::: RECORDS TO PROCESS :::

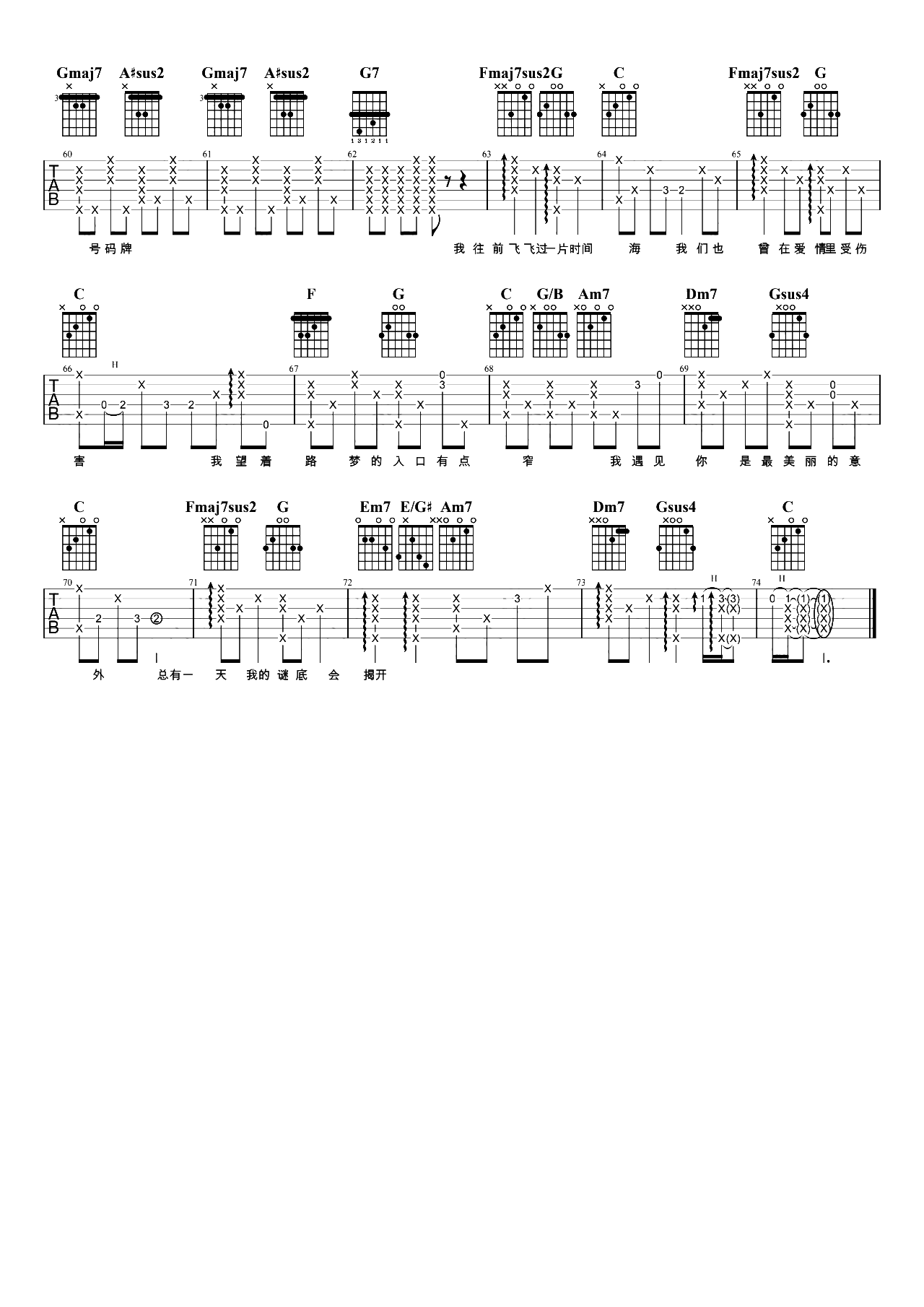 当前位置:琴谱网>吉他弹唱>遇见
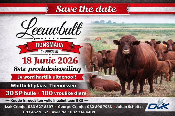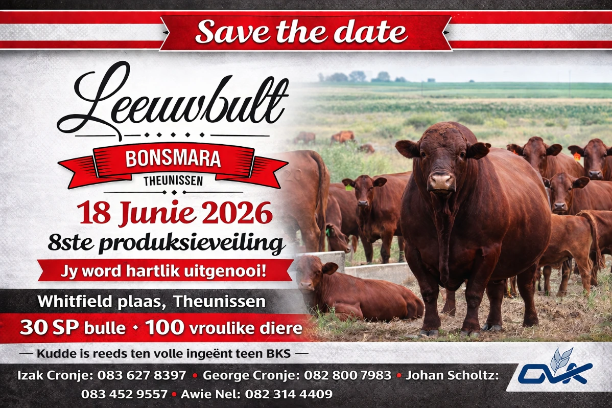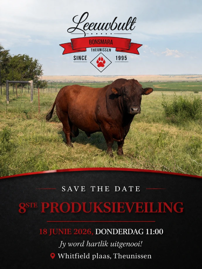 Elke jaar bring sy eie uitdagings, maar ook geleenthede om te verbeter, te verfyn, en te groei. Dis presies wat ons hier op Leeuwbult aanpak, en dis waarom ek jou graag wil nooi na ons produksieveiling op 19 Junie 2025. As jy op soek is na betroubare, prestasie-getoetste diere wat waarde gaan toevoeg tot jou kudde, dan is hierdie uitnodiging vir jou.
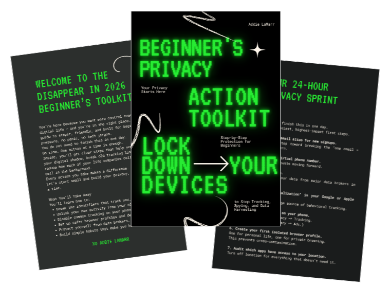 Grab the Beginner’s Privacy Action Toolkit (PDF) — a casual, beginner-friendly guide that shows you how to clean up your digital life one simple step at a time.
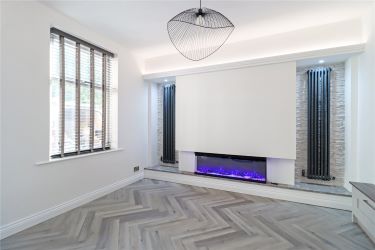 The ground floor offers a welcoming entrance hall, WC, and two reception rooms, ideal for family living or home working. A stunning, recently installed kitchen features integrated appliances, ample storage, and a striking bespoke radiator feature wall. Upstairs, there are two spacious double bedrooms, a modern bathroom with elegant tiling and high-quality fixtures, and an additional versatile room perfect as an office or nursery. The second floor reveals a superbly finished loft room, offering great flexibility as a master suite, games room, or home office.
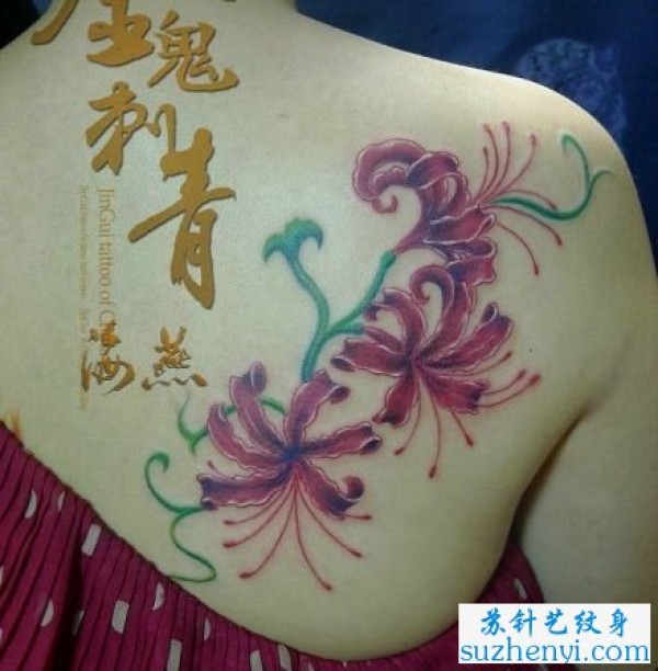 背部彼岸花纹身分享_后背纹身图案大全_纹身图吧
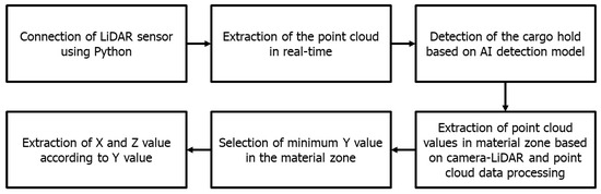 The working point extraction model was created by utilizing the cargo hold detection model, which relies on cameras and point cloud data obtained from LiDAR sensors. Initially, the authors employed Python to decipher the LiDAR sensor, enabling the extraction of point cloud data. By decoding the data, it becomes possible to provide ongoing updates on the condition of materials within the ship’s compartment using real-time point cloud data. After extracting the point cloud data, it is crucial to convert these point picture values into numerical values. Simultaneously, the authors utilized the cargo hold detection model to identify specific regions where materials were located, establishing criteria to isolate point cloud data that contain information about the material zone. The alignment of the LiDAR sensor and the camera is then calibrated. Using this calibration, the authors determine the condition of the material. The working point refers to the nearest point of proximity between the LiDAR sensor and the substance. Figure 15 illustrates the procedure for determining the operating point of the GTSU system.
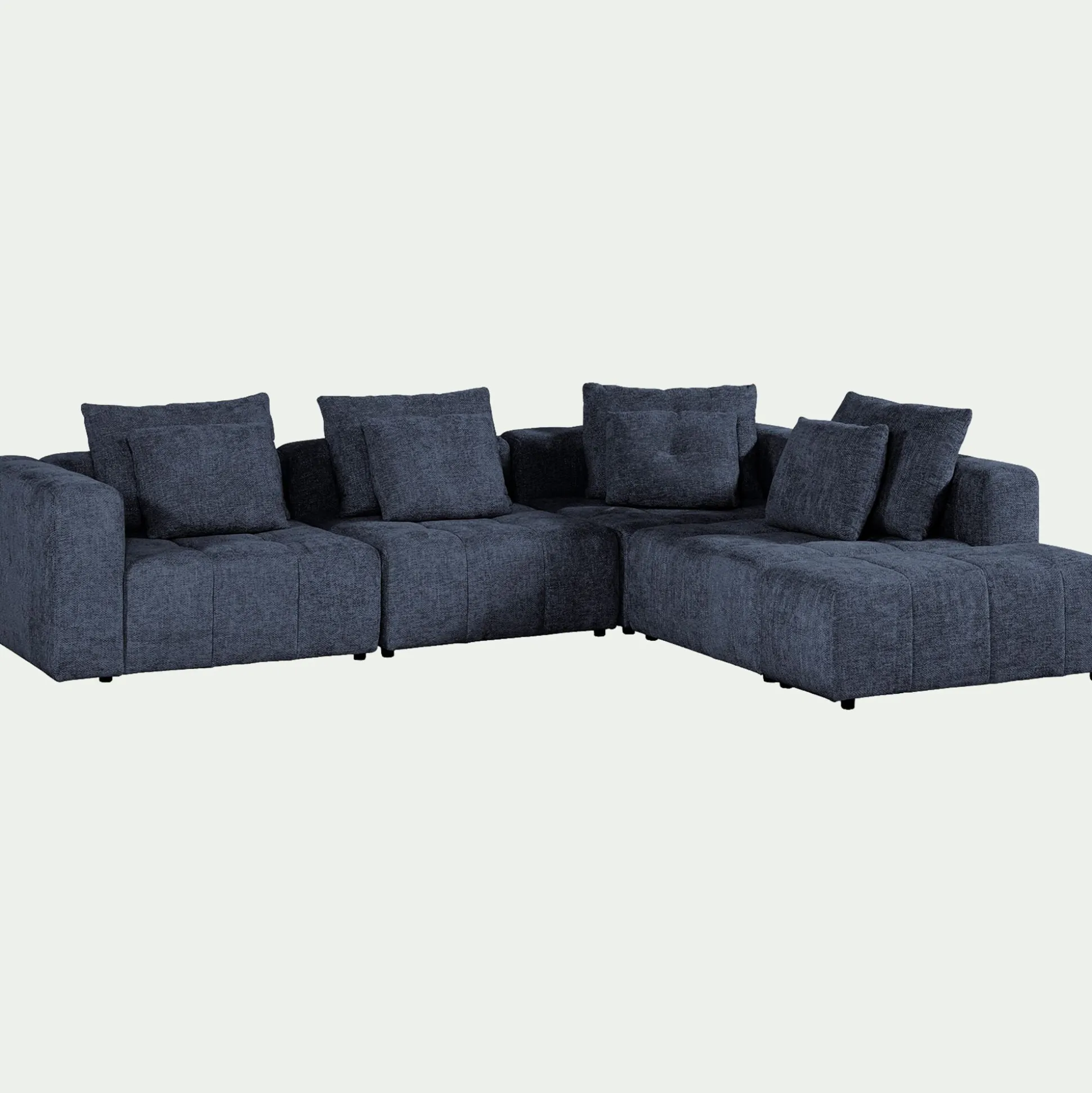 Optez pour le confort et la qualité avec ce canapé d’angle droit en tissu Benjo, fabriqué en Belgique. Son coloris bleu marine, lumineux et intemporel, crée une ambiance apaisante dans votre salon. Son pouf modulable vous offre une flexibilité totale pour vous détendre et accueillir vos proches, tout en profitant du savoir-faire belge.
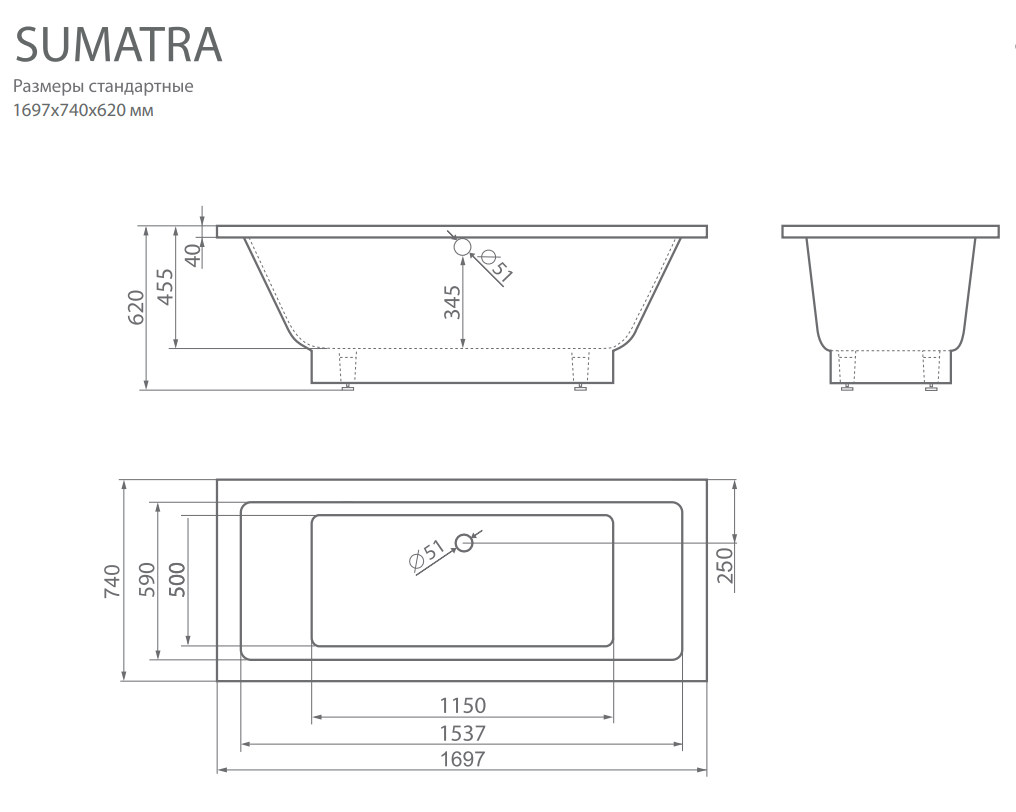 Ванна из искусственного камня ESSE Sumatra 170х74 см ESUM1697
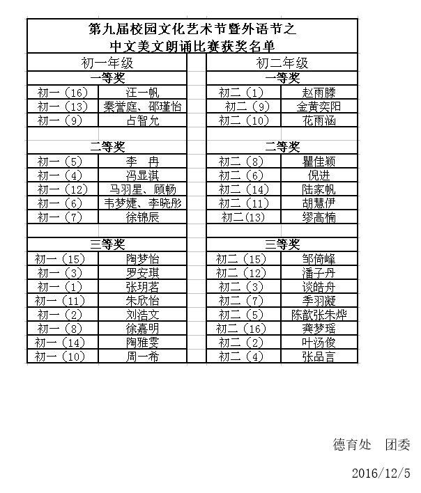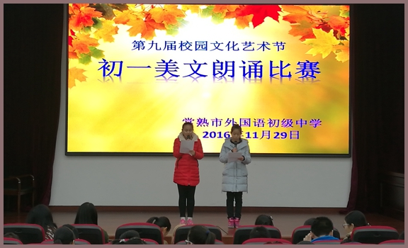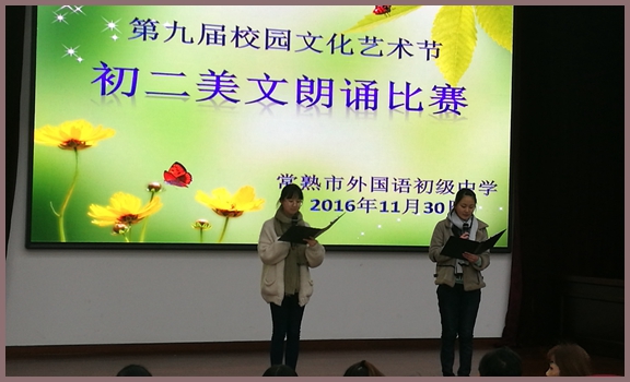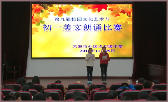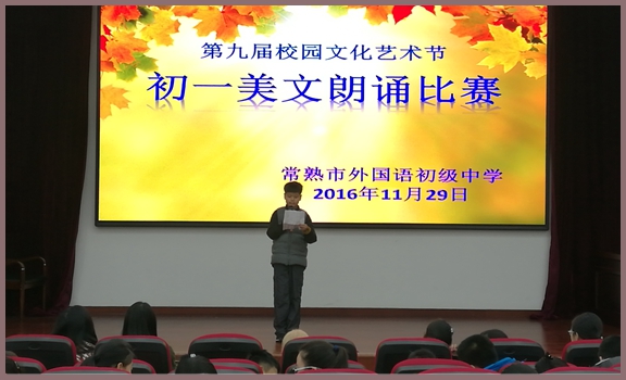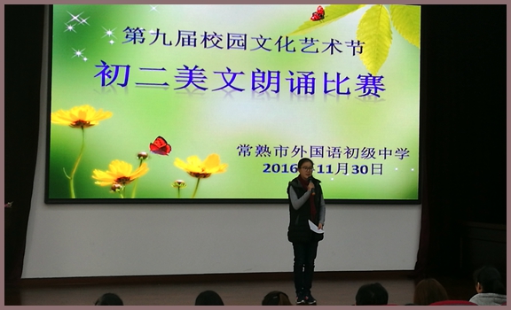 为了营造文明高雅的校园读书氛围,丰富校园文化生活,提高学生的朗诵水平,培养学生对优秀文学作品的学习兴趣。2016年11月29日和30日中午,第九届校园文化艺术节暨外语节系列活动之中文美文朗诵比赛在报告厅隆重举行。
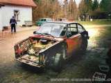 Asi páté erko jsem koupil od kamaráda Ládise z Praskoles. Bylo bourané na pravý bok, ale jinak zdravé, bez dokladů. Cena příznivá. Částečně odstrojená karosérie byla má poenta opět na stavbu RS. Odstrojil jsem jí úplně a pozval si karosáře. Jeho slova mě sprchla. Srovnám ti to na stolici. Dodej přední podběh,dno kuftu,práh a udělám to. Cena? Lidovka od oka 15tkč. Zkoušel jsem ostatní známé i neznámé a výsledek byl stejný. Buď udělané na koleni za pár, ale kvalita žádná. Nebo stolice, ale pecka cena. Auto jsem rozřezal a zbytek prodal. Levé dveře se slopkem a levý blatník prodané do Oseka. Prodej těchto dílů mi zaplatil půl koupě auta. Pak střecha šla ke Climberovi. Jinak zbytek skončil ve šrotě. Chtěl jsem si akorát nachat přední torpédo, ale bohužel "magneti" mi ho akčně ukradli.
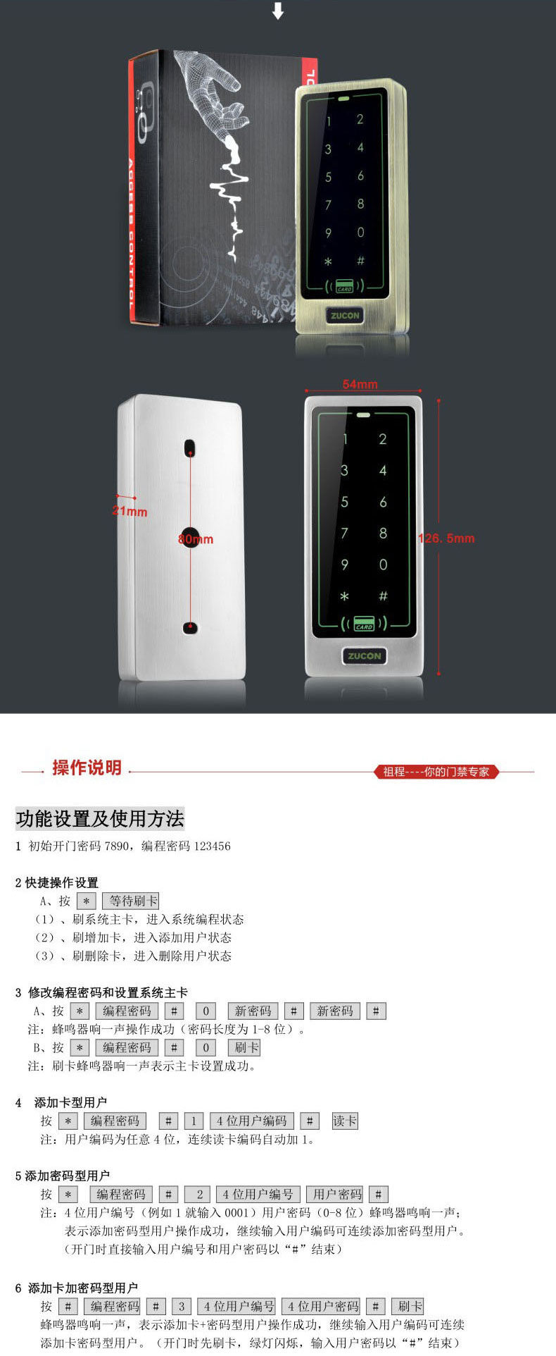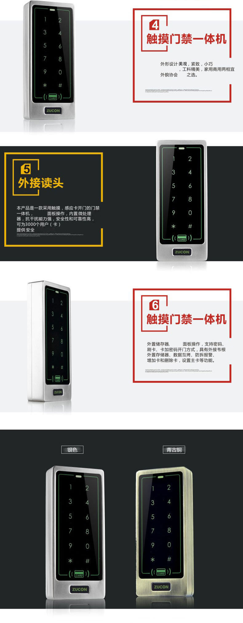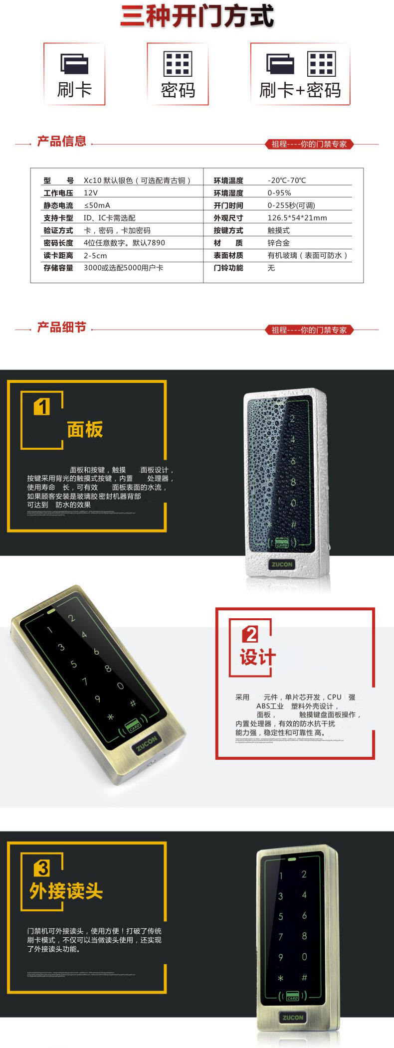 ZUCON祖程XC10金屬門(mén)禁一體機(jī) 防砸不銹鋼室外防水防雨刷卡讀卡器
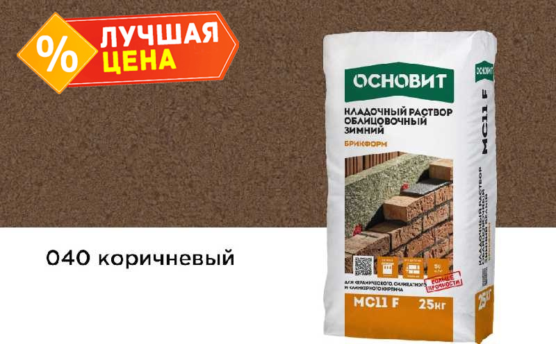 Кладочный раствор ОСНОВИТ БРИКФОРМ МС11 F зимний предназначен для кладки стен из облицовочного кирпича с водопоглощением до 12% с возможностью расшивки швов в момент укладки при температуре окружающей среды и основания от -10 до + 10°С.

:::

## TASK DIRECTIONS
From the records above, write out exactly the lines that begin at the line with "Asi páté erko" and end at the line with "ZUCON祖程XC10金屬門". Pictures must not appear in the output.

## ANSWER SECTION
 Asi páté erko jsem koupil od kamaráda Ládise z Praskoles. Bylo bourané na pravý bok, ale jinak zdravé, bez dokladů. Cena příznivá. Částečně odstrojená karosérie byla má poenta opět na stavbu RS. Odstrojil jsem jí úplně a pozval si karosáře. Jeho slova mě sprchla. Srovnám ti to na stolici. Dodej přední podběh,dno kuftu,práh a udělám to. Cena? Lidovka od oka 15tkč. Zkoušel jsem ostatní známé i neznámé a výsledek byl stejný. Buď udělané na koleni za pár, ale kvalita žádná. Nebo stolice, ale pecka cena. Auto jsem rozřezal a zbytek prodal. Levé dveře se slopkem a levý blatník prodané do Oseka. Prodej těchto dílů mi zaplatil půl koupě auta. Pak střecha šla ke Climberovi. Jinak zbytek skončil ve šrotě. Chtěl jsem si akorát nachat přední torpédo, ale bohužel "magneti" mi ho akčně ukradli.
 ZUCON祖程XC10金屬門(mén)禁一體機(jī) 防砸不銹鋼室外防水防雨刷卡讀卡器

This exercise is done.